On security, the 8cx Gen 3 will be the first Windows-focused processor with built-in Microsoft Pluton. Pluton is a superset of traditional TPM features, enabling root-of-trust and firmware authentication, potentially augmented with Microsoft Cloud based environments. I’d be remiss if I didn’t state that since the announcement, there have been some deep criticisms of Pluton as a fundamental concept, tying it to an operating system vendor, and being a potential single point of failure for personal privacy depending on how it is implemented, especially outside the US. All the major Windows silicon companies are committed to hardware-based Pluton solutions long term, so it depends how much you consider these criticisms are valid, inevitable for the wider populace, or something that can collectively be addressed. On top of Pluton, we also have Layered Secure Boot, real time memory encryption, and Qualcomm’s Trusted Execution Environment.
We should expect to see 8cx Gen 3 hardware come to market early next year. However, the big story is yet to come.
In March 2021, Qualcomm acquired Nuvia, a server CPU startup working on its first core design. Nuvia’s lead engineers herald from the silicon design teams at Apple and Google, with the lead architect having been the lead architect at Apple during its M1 development phase. Qualcomm acquired Nuvia with the goal of creating hardware to not only compete, but demolish, the Windows market of its incumbents.

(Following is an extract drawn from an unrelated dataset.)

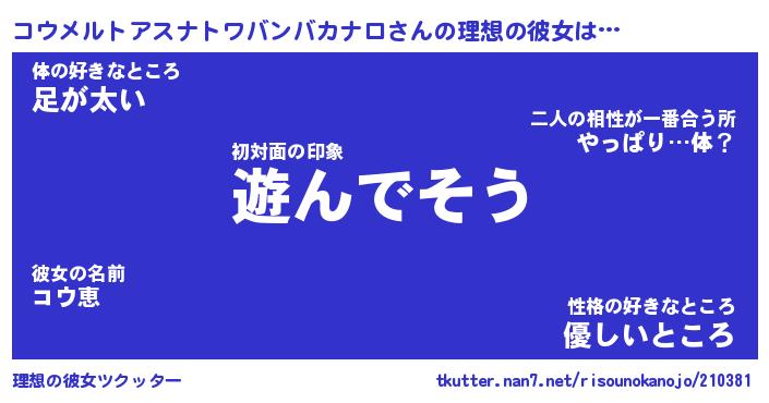 | 胡散臭い通販商品みたいなあだ名 | 『必ず成功する霊験あらたかなお札…その名も「コウメルトアスナトワバンバカナロ」』 |

At the time of the acquisition, the messaging was that the server core Nuvia was designing would be repurposed for Qualcomm’s ACPC efforts, with silicon due in 2022 for products in 2023. The company reiterated that same timeline at its Analyst event in late November, and at the Tech Summit. When speaking to whether the Nuvia team were creating a single performance core, a series of cores for performance/efficiency, or the key parts of the SoC, I didn’t really get a straight answer. That was perhaps to be expected, given that we’re still almost a year away – I suspect one of the Tech Summit December 2022 highlights next year will be this new Nuvia chip. However it does look like that Nuvia is initially making a single core for the first iteration, relying on regular Cortex designs if the SoC is going to be a heterogeneous design (we expect it will be).
Image from @anshelsag on Twitter, Used with permission
With a lot of hype about Nuvia and the credentials of the team behind it (I apologize, I’m probably responsible for an amount of that hype), we are in this sort of limbo state waiting for the fruits of that acquisition to come through. The 8cx Gen 3 will be a good platform showing an uptick in performance and leveraging 64-bit emulation on Windows 11, but the expectation is that Nuvia’s core design will amplify that performance up another step. Exactly where it will fit compared to Intel or Apple is really hard to say at this point, and we’re going to have to wait to next year. Which makes recommending an 8cx Gen 3 platform in 2022 difficult given that on every review, we’ll have to write a caveat of ‘watch out for the Nuvia designs coming 2023’.